7月8日質問項目2
2.都市と地方の地域間賃金格差
○山陰中央新報(佐々木):都市と地方の格差のことで、関連で伺いたいんですけれども、月額賃金の平均のことで、1位の東京都と最も低かった地域の差が15万円を超えているということで、島根県との差は13万円台ということですが、賃金の東京集中がより鮮明になっていますが、これについてのちょっと受け止めもお願いいたします。
○丸山知事:一面的にはそういう受け止めだと思いますけども、じゃあ東京だとハッピー、ハッピーなのかっていうことをちゃんと皆さんにも報道していただきたいと思うんですよ。今言われた賃金の差分で、じゃあ東京23区の新築分譲マンションの平均価格が1億3,000万超えてますけど、じゃあ1億3,000万のマンション買えるようになるのかと。なるわけないですよね。だから額面、何というか、入りの話の差の話と、出の話の話を一切しないと、そういうふうな数字を見て、みんな誤解して、東京に行けばいい生活ができると思って行くんだけど、じゃあ実際、1億3,000万のマンション、どれだけ買える人がいるんですか。いないでしょ。

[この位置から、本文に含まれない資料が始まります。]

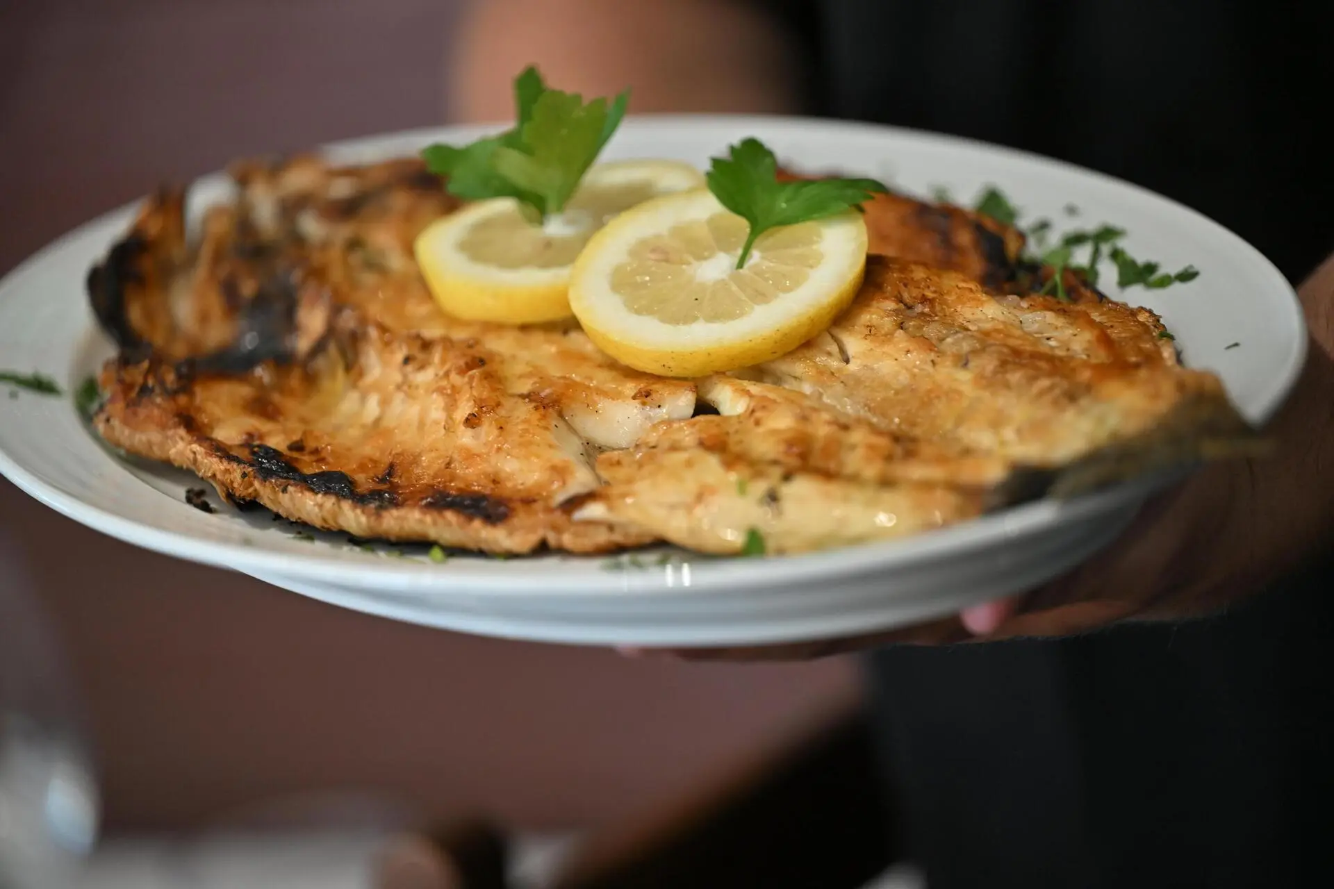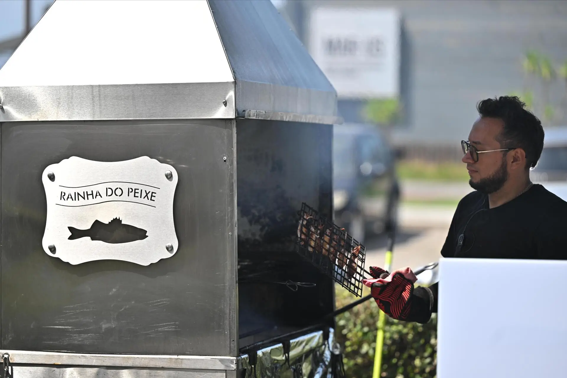 Na grelha está Luis Díaz, colombiano que trocou a profissão de assador de frango na sua terra para assador de peixe, ofício que aprendeu rápido. "Não tinha experiência, mas aprendeu e desempenha muito bem o seu trabalho", assegura João. "Está connosco desde o início." Das suas brasas saem os peixes frescos do dia, que mudam conforme o que está disponível. Por esta altura não faltam sardinhas, que este ano estão "com um sabor maravilhoso." Mas o ex-libris da casa é o robalo, que nunca falha, e que está igualmente disponível em arroz ou massada. "Temos também peixes grandes como o peixe-galo, garoupa ou cherne. Um dos acompanhamentos mais pedidos é a açorda de ovas."
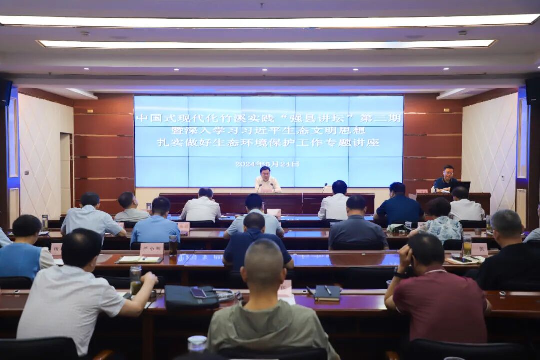 竹溪新聞網訊記者 龔臣 報道:5月24日,我縣舉行中國式現代化竹溪實踐“強縣講壇”第三期暨深入學習習近平生態文明思想、扎實做好生態環境保護工作專題講座。縣委書記許慶一主持講座并講話,強調要深入學習貫徹習近平生態文明思想,扎實做好生態環保工作,為推進中國式現代化湖北實踐和十堰篇章貢獻竹溪力量。特邀中南安全環境技術研究院股份有限公司高級工程師李剛作專題輔導。縣委副書記、縣長師文明,縣人大常委會主任蔣波,縣政協主席李晉,縣委副書記、政法委書記陶猛出席會議。

本当に1億3,000万って、私の前職、総務省の同期入省の人間で、まだ公務員住宅、職員住宅に入っている、自宅を持ってない人間も、もう買えないって諦めてますよ。退職金までもらうんだろうけど、退職金で、退職金組んだって、全然そんな、ローンを追加しなきゃいけなくて、50年ローンとか組めないだろうし。そういう、人が住める場所、人が自分の住まいを買うことができなくなってるような、そんな状況だから、東京に行けばいい生活ができるというの自体が、そもそも間違ったイメージを与えてるから、ちゃんとこの数字の話だけじゃなくて、そういうことを一緒に報道してくれないといけないと思います。それを両方見ながら、どっちを選ぶかというのは、最後は人が選ぶことだから、どっちがいいというのは一概には言えませんけど、その差分だけいい暮らしができるというわけじゃないですよということはきちんと伝えていかないと、情報としては一面的かつ不十分ですよね。ともかく、この話をするときには、東京の23区の新築分譲マンション価格は1億3,000万を超えてる、令和7年で。たしか令和8年5月か何かの最新の数字は1億6,000万か何かになってますよ。そういうことも一緒に言ってくれないと、みんな間違った判断をしかねないということだと思います。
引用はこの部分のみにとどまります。